While the Columbia River and its tributaries had already been an epicenter of culture and trade for thousands of years, many European and American explorers sought the mouth of this great river of the West for years without success. James Cook, John Meares, and George Vancouver all searched for and missed it. In 1792, a U.S. fur trader and merchant sea captain, Robert Gray, became the first non-native man to sail a vessel into the river. He named it for his ship—the Columbia Rediviva. Ongoing exploration was accelerated as a result of Gray’s discovery, aided by the 1803 Louisiana Purchase.

Lewis & Clark, Wilson Price Hunt and the Astorians, the Hudson’s Bay Company, missionaries like the Whitmans and the Spaldings, Benjamin Bonneville, and Peter Skeen Odgen all helped discover and open up the Pacific Northwest by way of the mighty Columbia. What first started out as a small smattering of explorers and traders would eventually become a flood, as thousands of Oregon Trail settlers came west seeking a new start.


Washington Wine Country

In 1825, the first wine grapes were planted in Washington State near Fort Vancouver. Since 1983, Washington has become the largest wine producing state in the U.S. second only to California. With over 550 wineries producing more than twenty varietals, it is no wonder the region has gained international attention. 

This $2.4 billion enterprise is divided into two distinct regions; Eastern and Western. Washington Wine Country has nine officially recognized appellations, only one of which is located west of the Cascade Mountain Range, and it produces about one percent of the state’s wines.
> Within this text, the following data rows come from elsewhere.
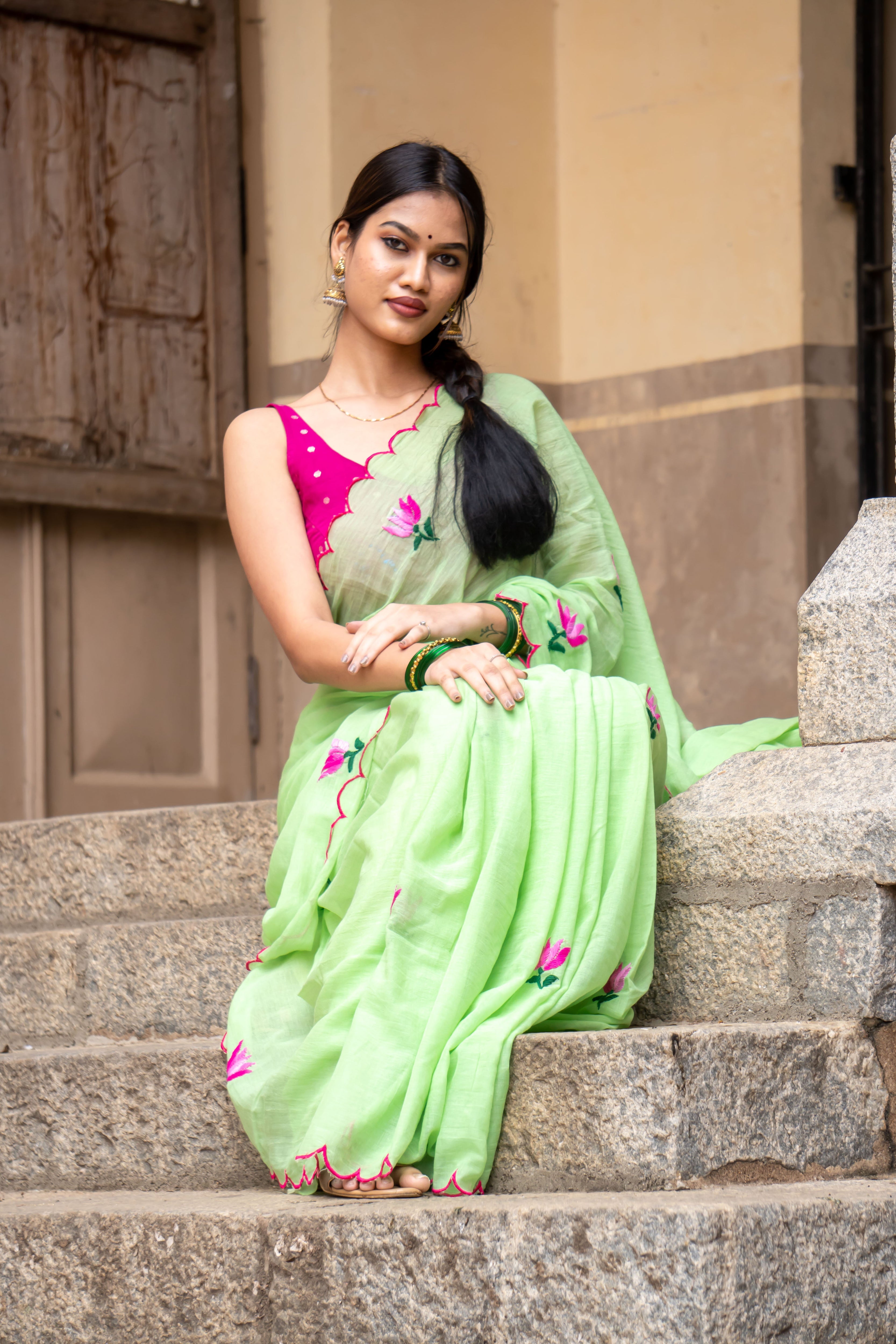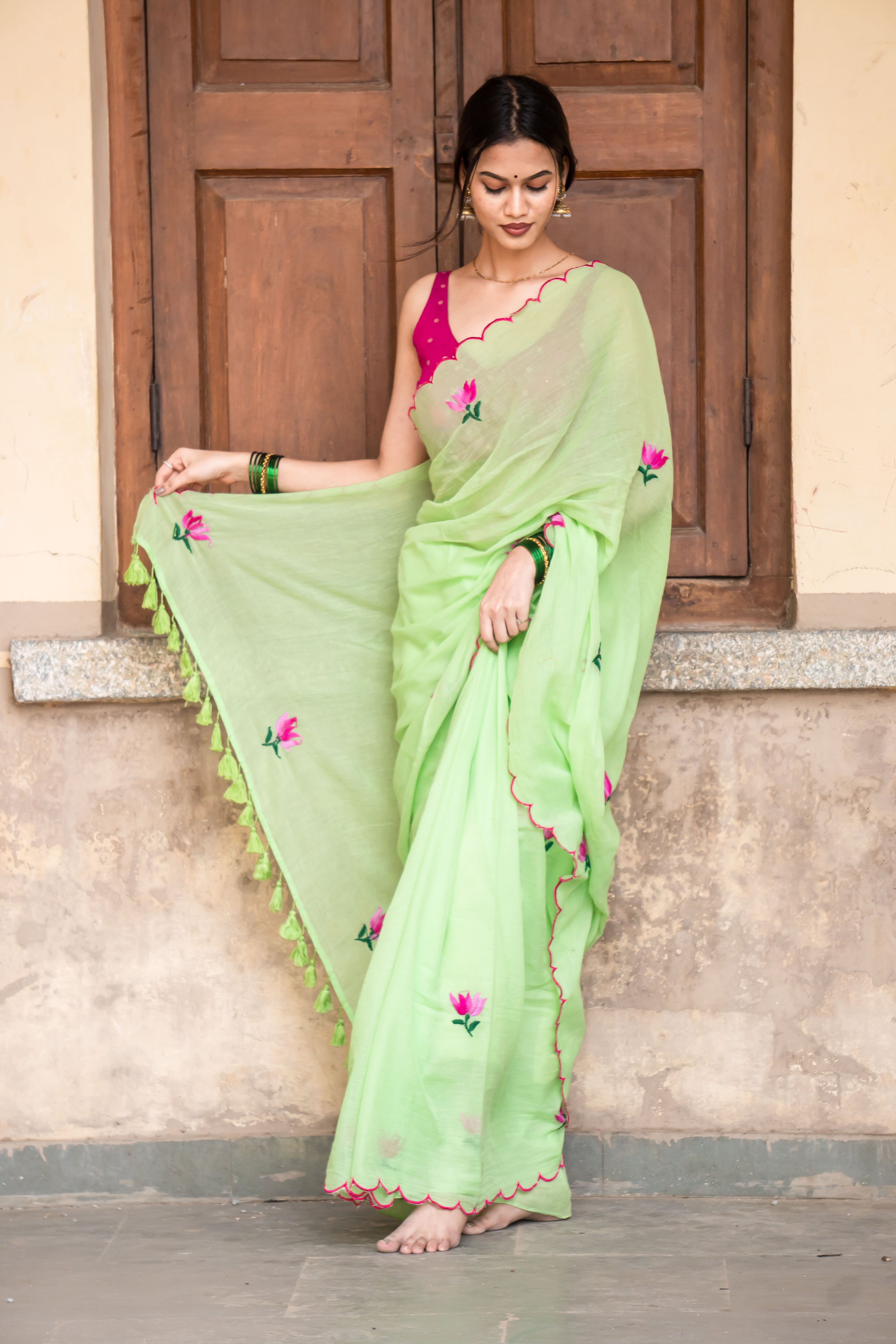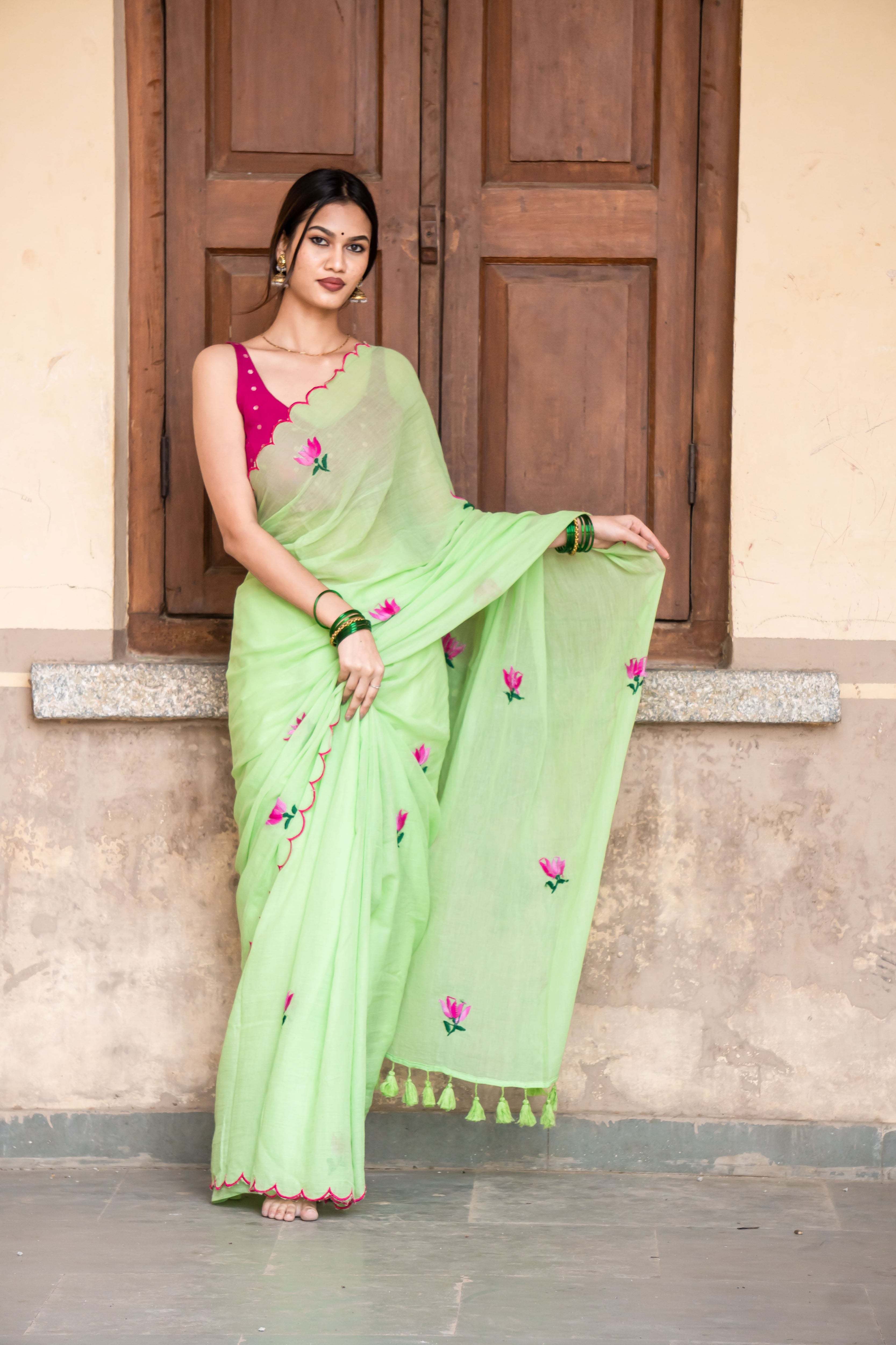 Mul Cotton Saree with Lotus Hand Embroidery - Lotus Blooms
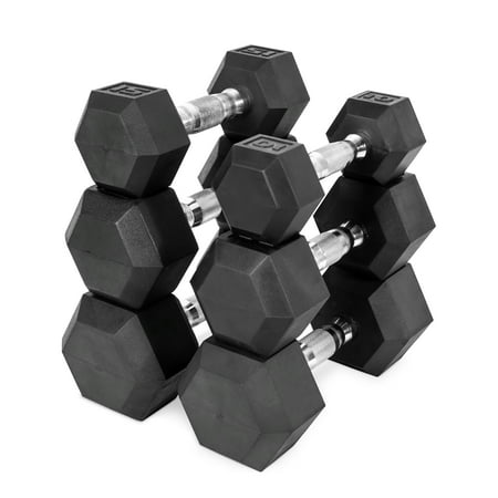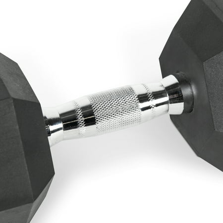 Enhance your workout routine with the CAP Barbell Coated Hex Dumbbell. This sturdy dumbbell is a premium quality weight that's ideal for home use. Made of solid cast iron with a protective black coating, it features an easy-to-grip handle and encased heads to prevent damage to floors. The ergo designed handle helps to reduce hand fatigue and maximize comfort, while the knurling prevents the dumbbell from slipping during workouts. The Hex shaped dumbbell heads ensure the dumbbell will not roll when set down, avoiding injuries and allowing for easy storage. Dumbbells can be used to exercise all major muscle groups, including arms, chest, back, abs, legs and core. Making them perfect for a full body workout. Sold individually.
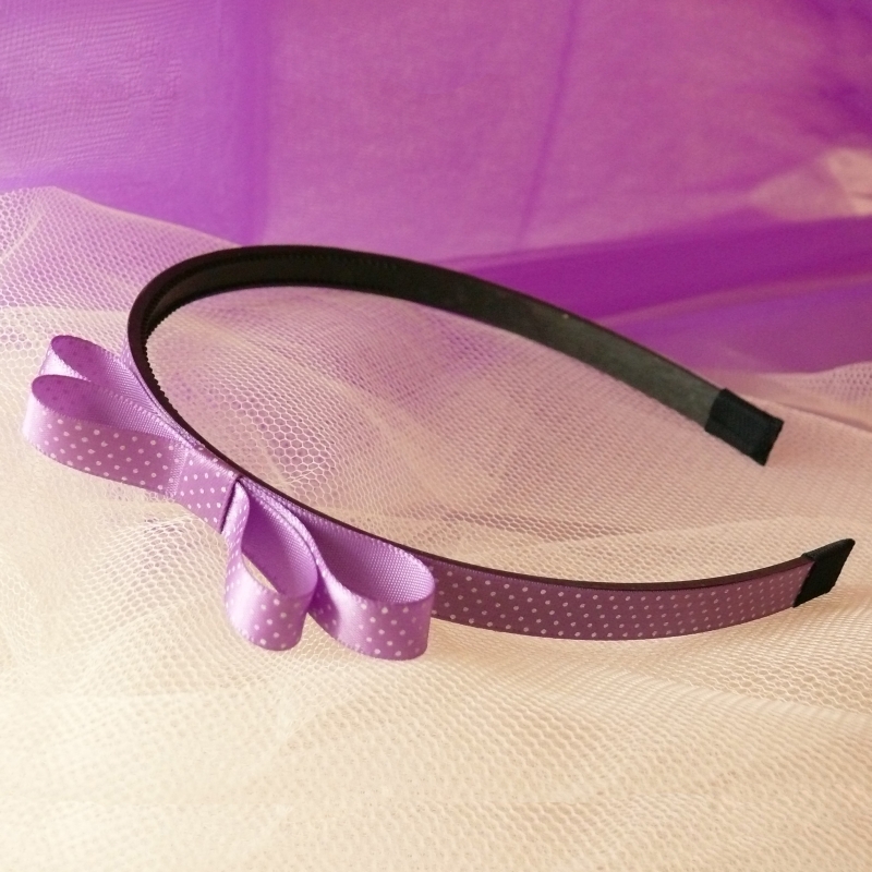 Světle fialová drobně puntíkovaná čelenka s mašlí
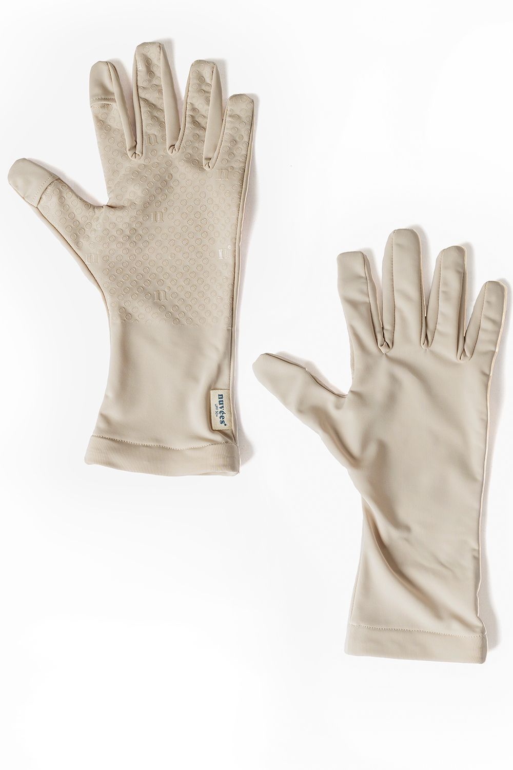 Robe anti-UV beige UPF50+ pour femme, idéale pour la protection solaire en ville ou à la plage.

Washington Wines are sold in all 50 states as well as in 40 different countries. 

In 2002, 2003 and 2005, Washington state wineries received a perfect 100-point score; an acclaim that only a few wines in the world have ever won.


Portland, Oregon

Portland, Oregon straddles the Willamette River in northwestern Oregon, near the confluence of the Columbia and Willamette Rivers. Once a campground and traditional hunting and fishing site of Native Chinook, Portland was first inhabited by settlers in 1829 and incorporated in 1851. It was an early terminus for Oregon Trail pioneers and the flow of gold rush immigrants. Today it has become an important west coast port and Oregon’s largest city with a population of approximately 584,000. Portland is the second largest exporter of grain in North America (Vancouver, B.C. is first), shipping one-third of all U.S. wheat. Other exports include lumber and aluminum, and Portland is one of the largest auto ports on the west coast due to being one and one-half days closer to Japan than San Francisco.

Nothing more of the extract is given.